DATA TO PROCESS:
● ● ● ● ●

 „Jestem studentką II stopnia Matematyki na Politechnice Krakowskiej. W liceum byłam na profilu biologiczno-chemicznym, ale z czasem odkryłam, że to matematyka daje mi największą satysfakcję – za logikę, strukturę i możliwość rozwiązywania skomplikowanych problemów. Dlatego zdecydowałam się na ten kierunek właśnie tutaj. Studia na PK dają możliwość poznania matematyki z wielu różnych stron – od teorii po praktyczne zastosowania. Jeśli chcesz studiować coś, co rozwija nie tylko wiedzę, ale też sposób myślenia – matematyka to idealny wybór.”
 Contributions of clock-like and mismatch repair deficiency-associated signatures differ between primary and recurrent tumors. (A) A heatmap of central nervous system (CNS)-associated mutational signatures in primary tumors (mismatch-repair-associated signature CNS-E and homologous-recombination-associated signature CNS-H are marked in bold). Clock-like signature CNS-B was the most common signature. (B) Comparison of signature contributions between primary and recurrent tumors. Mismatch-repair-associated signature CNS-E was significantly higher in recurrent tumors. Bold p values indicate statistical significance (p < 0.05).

● ● ● ● ●

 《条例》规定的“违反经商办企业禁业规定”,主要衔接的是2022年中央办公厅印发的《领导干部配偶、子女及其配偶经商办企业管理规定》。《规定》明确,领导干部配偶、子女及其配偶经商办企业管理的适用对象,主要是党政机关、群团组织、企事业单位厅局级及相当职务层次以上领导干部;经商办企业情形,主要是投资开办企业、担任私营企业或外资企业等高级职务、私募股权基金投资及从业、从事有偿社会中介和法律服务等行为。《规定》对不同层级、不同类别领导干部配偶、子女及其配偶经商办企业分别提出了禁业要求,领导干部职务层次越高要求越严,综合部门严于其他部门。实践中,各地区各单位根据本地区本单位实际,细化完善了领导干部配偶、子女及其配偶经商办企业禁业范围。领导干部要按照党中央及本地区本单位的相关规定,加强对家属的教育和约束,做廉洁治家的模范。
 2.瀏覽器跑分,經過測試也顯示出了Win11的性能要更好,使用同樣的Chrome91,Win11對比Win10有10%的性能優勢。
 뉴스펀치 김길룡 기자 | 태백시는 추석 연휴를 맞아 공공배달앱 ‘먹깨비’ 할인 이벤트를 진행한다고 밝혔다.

● ● ● ● ●

TASK INSTRUCTIONS:
Each line above from the one with "2.瀏覽器跑分,經過測試也顯" up to and including the one with "뉴스펀치 김길룡 기자" must be set down exactly, and no line outside that span may appear.

ANSWER TO THIS EXERCISE:
 2.瀏覽器跑分,經過測試也顯示出了Win11的性能要更好,使用同樣的Chrome91,Win11對比Win10有10%的性能優勢。
 뉴스펀치 김길룡 기자 | 태백시는 추석 연휴를 맞아 공공배달앱 ‘먹깨비’ 할인 이벤트를 진행한다고 밝혔다.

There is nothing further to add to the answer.